DATA FOR ANALYSIS section start
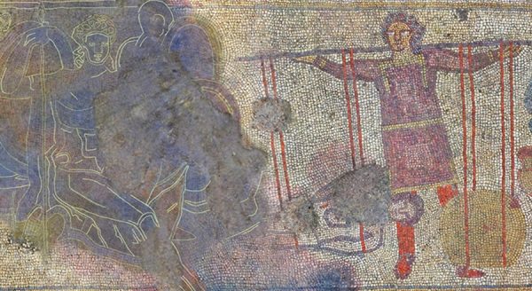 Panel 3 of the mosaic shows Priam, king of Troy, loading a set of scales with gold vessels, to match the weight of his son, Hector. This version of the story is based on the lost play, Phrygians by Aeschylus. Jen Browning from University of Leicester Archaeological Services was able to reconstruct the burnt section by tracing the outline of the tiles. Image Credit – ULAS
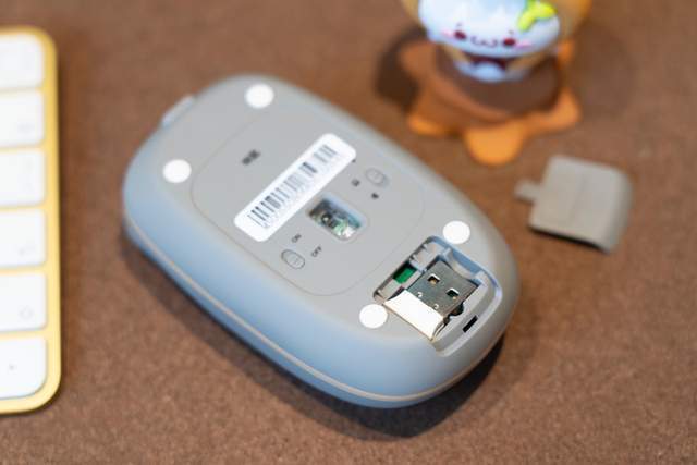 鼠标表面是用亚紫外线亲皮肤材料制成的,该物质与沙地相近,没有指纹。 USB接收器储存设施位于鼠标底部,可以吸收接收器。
DATA FOR ANALYSIS section end
DATA FOR ANALYSIS section start
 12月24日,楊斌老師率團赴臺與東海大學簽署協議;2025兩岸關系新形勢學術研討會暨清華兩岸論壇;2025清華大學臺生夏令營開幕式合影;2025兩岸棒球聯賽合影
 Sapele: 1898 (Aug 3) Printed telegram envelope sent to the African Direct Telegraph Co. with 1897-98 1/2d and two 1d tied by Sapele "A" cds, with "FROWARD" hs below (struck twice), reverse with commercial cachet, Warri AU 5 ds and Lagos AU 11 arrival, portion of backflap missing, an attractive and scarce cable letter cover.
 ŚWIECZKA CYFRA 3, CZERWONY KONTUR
DATA FOR ANALYSIS section end
* [WORK INSTRUCTIONS] Write out the lines above from the one with "Panel 3 of the" through the one with "鼠标表面是用亚紫外线亲皮肤材", ends included, exactly; no picture goes in.

* [ANSWER TO THIS PROBLEM]
 Panel 3 of the mosaic shows Priam, king of Troy, loading a set of scales with gold vessels, to match the weight of his son, Hector. This version of the story is based on the lost play, Phrygians by Aeschylus. Jen Browning from University of Leicester Archaeological Services was able to reconstruct the burnt section by tracing the outline of the tiles. Image Credit – ULAS
 鼠标表面是用亚紫外线亲皮肤材料制成的,该物质与沙地相近,没有指纹。 USB接收器储存设施位于鼠标底部,可以吸收接收器。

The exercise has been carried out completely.